__Required action__
If a line holds an image, leave the image out; write out everything else in the records exactly.

__Input data__
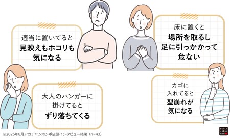 その気づきをきっかけに、社内の調査・研究機関である「赤ちゃんのいる暮らし研究所」と連携し、子育て中のママ・パパへのインタビュー調査(※)を実施。すると、抱っこひもの収納に悩んでいるという声が多数寄せられました。(※)2025年8月アカチャンホンポ店頭インタビュー結果(n=43)
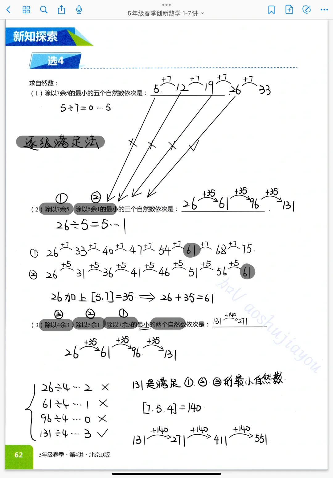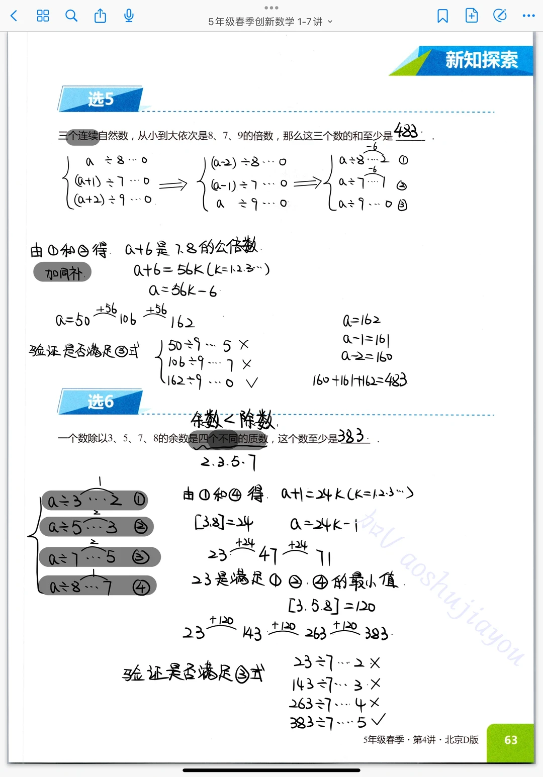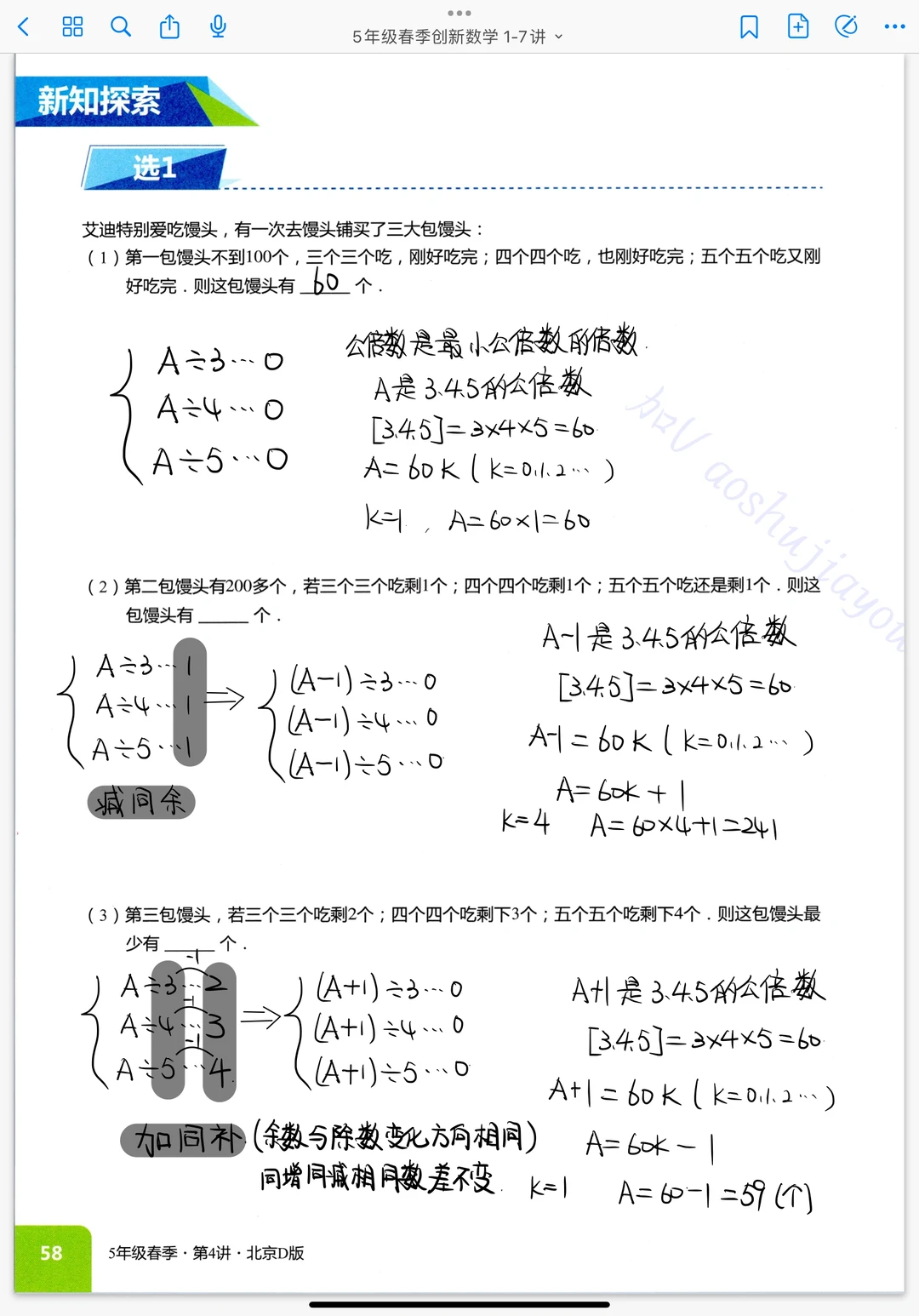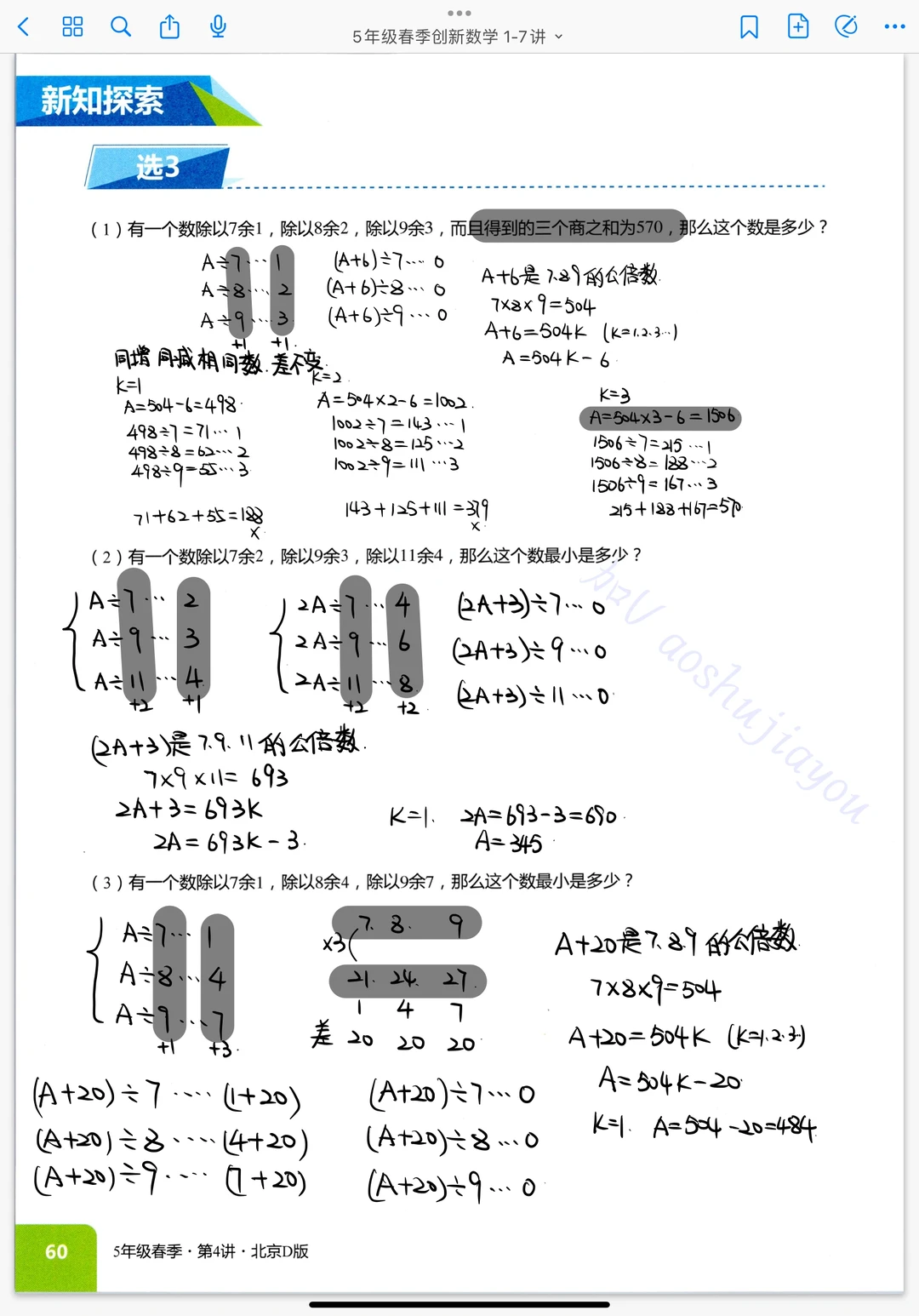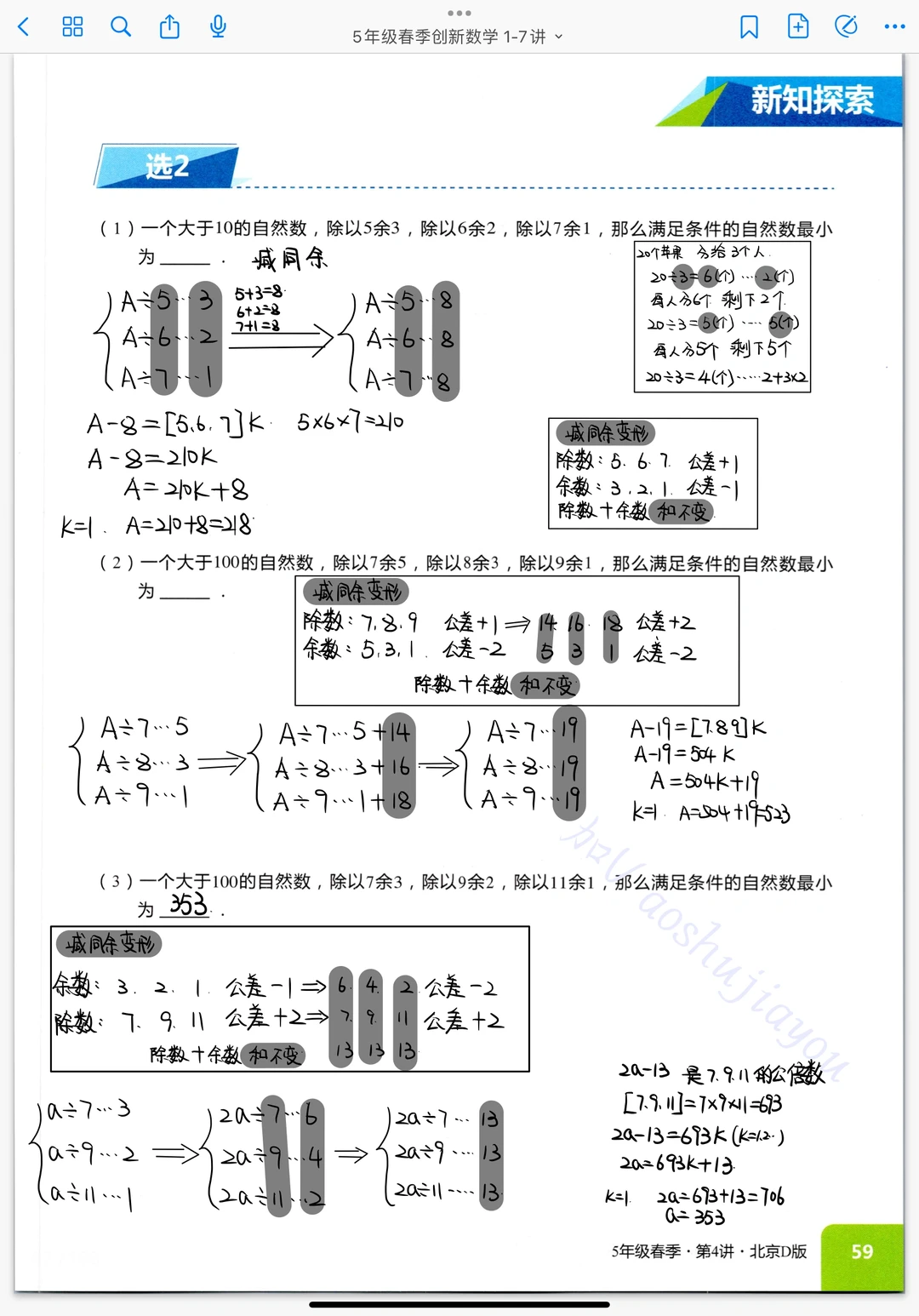 《剩余问题》五年级奥数创新班课堂笔记数论
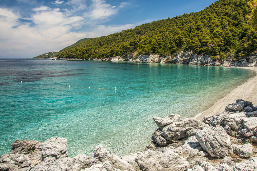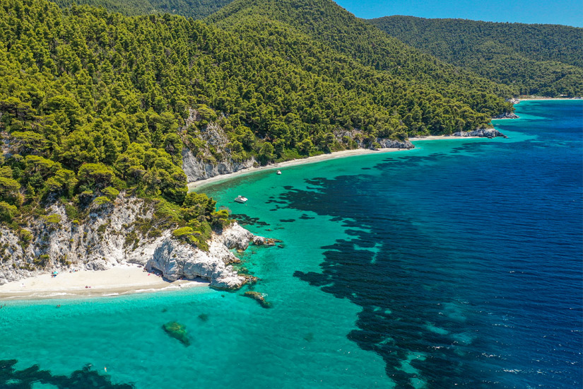 Dass bislang nur wenige Besucher nach Skopelos kommen, macht den Charme der griechischen Insel aus – sorgt aber dafür, dass die Sehenswürdigkeiten & Co nicht immer einfach zu erreichen sind, wie ihr nun bereits wisst. Auch die schönsten Strände der Insel sind mitunter abgelegen, belohnen euch für die Mühe aber mit glasklarem Wasser, weißen Sandstränden und Ruhe, wie sie kaum anderswo in Griechenland zu finden ist. Die paradiesischen Stände sind daher für viele Reisende der Hauptgrund, um nach Skopelos zu kommen; und an Auswahl mangelt es nicht…
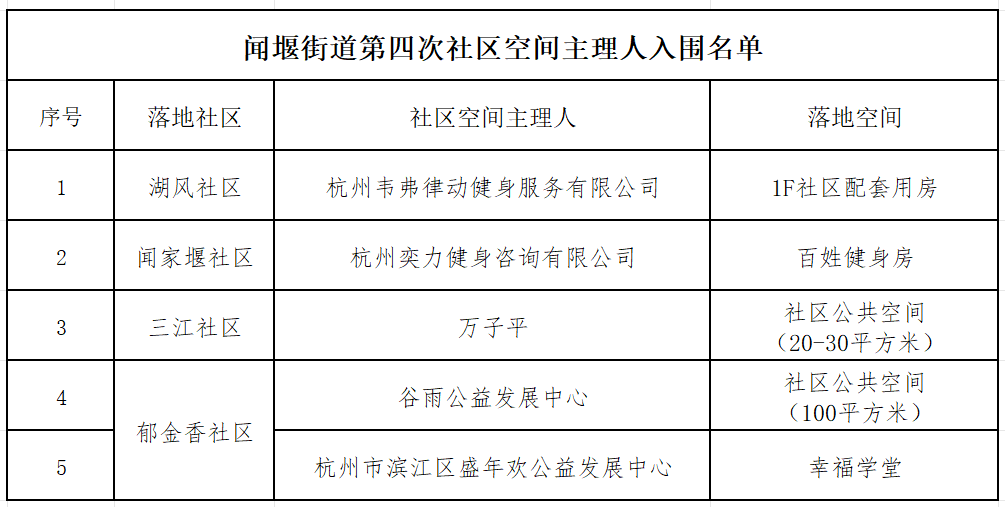 為積極響應社區共建共享的理念,聞堰街道社區空間主理人項目根據部分社區空間的服務和運營的需求,順利開展了第四次評審活動,現將成功入圍聞堰街道首批“社區空間主理人”的名單予以公示(名單排名不分先后): 本次公示,公示期為5個工作日,公示時間為2025年5月14日至2025年5月20日止,若對入圍項目有異議,可在公示期內以書面形式向蕭山區人民政府聞堰街道辦事處提出復核申請。 地址:蕭山區湘湖路3368號 聯系電話:0571-82300101 相關材料請使用真實姓名和準確的地址,以機構名義反映的須加蓋機構公章。 杭州市蕭山區人民政府聞堰街道辦事處 2025年5月14日
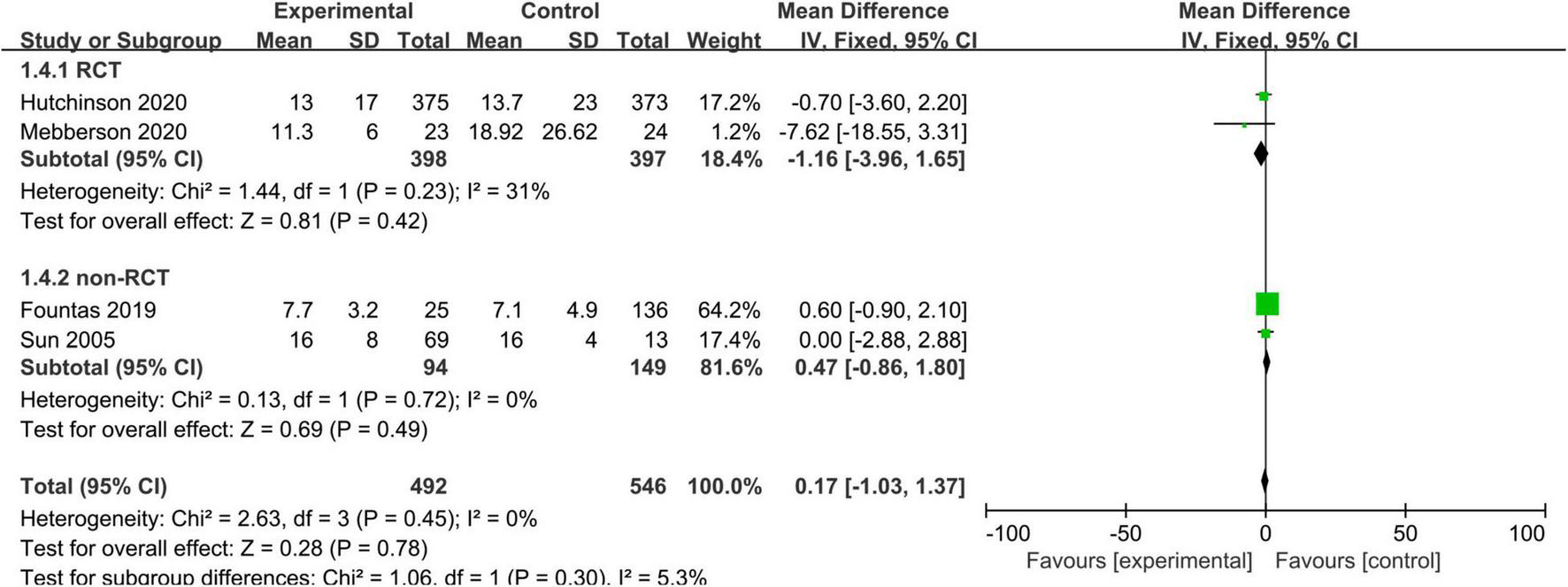 Three studies, consisting of 290 patients, reported the length of hospitalization. We used a fixed-effects model due to no substantial heterogeneity among the studies (I2 = 0%, p = 0.45). The pooled results showed no statistically significant difference in the length of hospitalization between the adjuvant corticosteroid group and surgery alone group (MD = 0.17, 95% CI = –1.03 to 1.37, p = 0.78) (Figure 5).
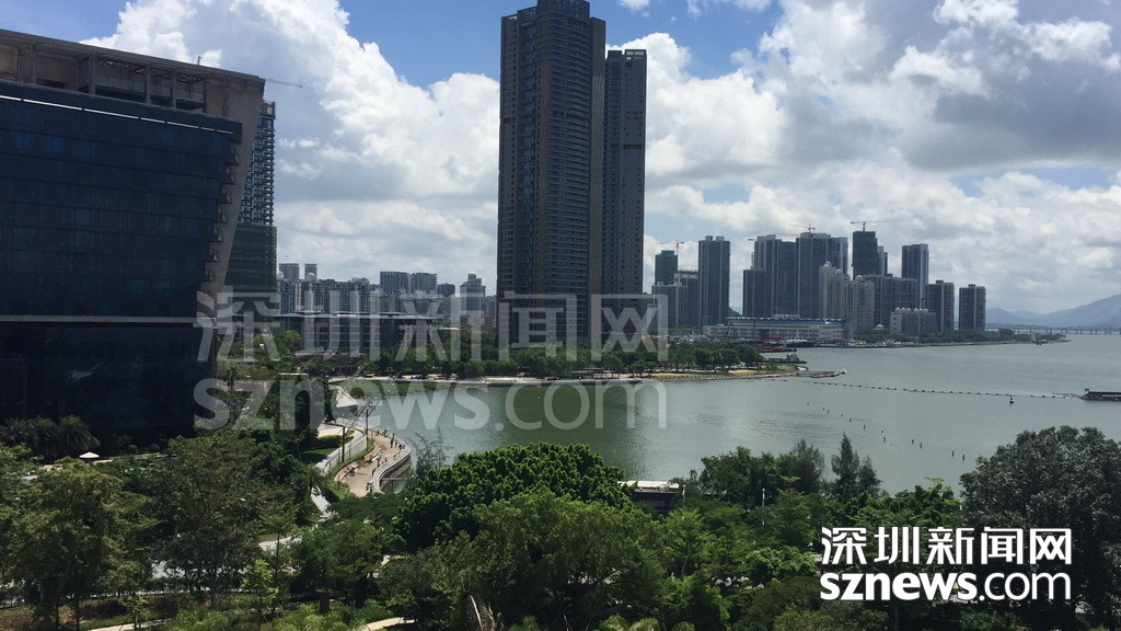 在酒店臨海客房陽臺可看到深圳灣大橋以及附近的游艇碼頭

__Result for this exercise__
 その気づきをきっかけに、社内の調査・研究機関である「赤ちゃんのいる暮らし研究所」と連携し、子育て中のママ・パパへのインタビュー調査(※)を実施。すると、抱っこひもの収納に悩んでいるという声が多数寄せられました。(※)2025年8月アカチャンホンポ店頭インタビュー結果(n=43)
 《剩余问题》五年级奥数创新班课堂笔记数论
 Dass bislang nur wenige Besucher nach Skopelos kommen, macht den Charme der griechischen Insel aus – sorgt aber dafür, dass die Sehenswürdigkeiten & Co nicht immer einfach zu erreichen sind, wie ihr nun bereits wisst. Auch die schönsten Strände der Insel sind mitunter abgelegen, belohnen euch für die Mühe aber mit glasklarem Wasser, weißen Sandstränden und Ruhe, wie sie kaum anderswo in Griechenland zu finden ist. Die paradiesischen Stände sind daher für viele Reisende der Hauptgrund, um nach Skopelos zu kommen; und an Auswahl mangelt es nicht…
 為積極響應社區共建共享的理念,聞堰街道社區空間主理人項目根據部分社區空間的服務和運營的需求,順利開展了第四次評審活動,現將成功入圍聞堰街道首批“社區空間主理人”的名單予以公示(名單排名不分先后): 本次公示,公示期為5個工作日,公示時間為2025年5月14日至2025年5月20日止,若對入圍項目有異議,可在公示期內以書面形式向蕭山區人民政府聞堰街道辦事處提出復核申請。 地址:蕭山區湘湖路3368號 聯系電話:0571-82300101 相關材料請使用真實姓名和準確的地址,以機構名義反映的須加蓋機構公章。 杭州市蕭山區人民政府聞堰街道辦事處 2025年5月14日
 Three studies, consisting of 290 patients, reported the length of hospitalization. We used a fixed-effects model due to no substantial heterogeneity among the studies (I2 = 0%, p = 0.45). The pooled results showed no statistically significant difference in the length of hospitalization between the adjuvant corticosteroid group and surgery alone group (MD = 0.17, 95% CI = –1.03 to 1.37, p = 0.78) (Figure 5).
 在酒店臨海客房陽臺可看到深圳灣大橋以及附近的游艇碼頭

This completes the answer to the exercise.